Daniel called herself a "liberal Democrat". She always opposed conservative Georgia governor Eugene Talmadge in editorials. When a businessman threatened to pull his advertising from the paper unless she relented, Daniel told him, "All right, you can cancel, but I'll give you one free ad. I'll write it and tell why you canceled. That's blackmail, I suppose, but I learned about it from you." The businessman relented. Daniel continued to oppose Talmadge in his final run for office, in what became a controversial election in 1946.

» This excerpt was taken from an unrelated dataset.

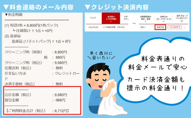 布団を送り、リネットから検品終了・料金連絡のメールが届いた日に決済されます。

Even while she was editor and publisher of the Quitman Free Press she continued to write for other outlets including The American City, The Georgia Review, The Delineator, and others. She also wrote a ("wonderful" according to Celestine Sibley) column for the Atlanta Journal until two years before her death.

For many years she was involved in the Georgia Press Association including serving as vice president and attending the Georgia Press Institute. She was active in civic life in Quitman. She was a charter member of the Quitman Garden Club, the first chairman of the Quitman Parks Commission and the first woman to serve on the Brooks County Board of Health.

==Death and legacy==
In 1956 Daniel was given the Brenda Award for her "fearless journalism" from the Atlanta chapter of Theta Sigma Phi. The award is presented annually for "outstanding public service in the field of journalism". It was the first time that award had been presented to a woman.

She died the next year in Brooks County Hospital after having a heart attack, and was buried in Oak Hill Cemetery in Quitman.

In 1984 Daniel was posthumously inducted into the Georgia Newspaper Hall of Fame, which had also inducted her husband Royal Daniel in 1944.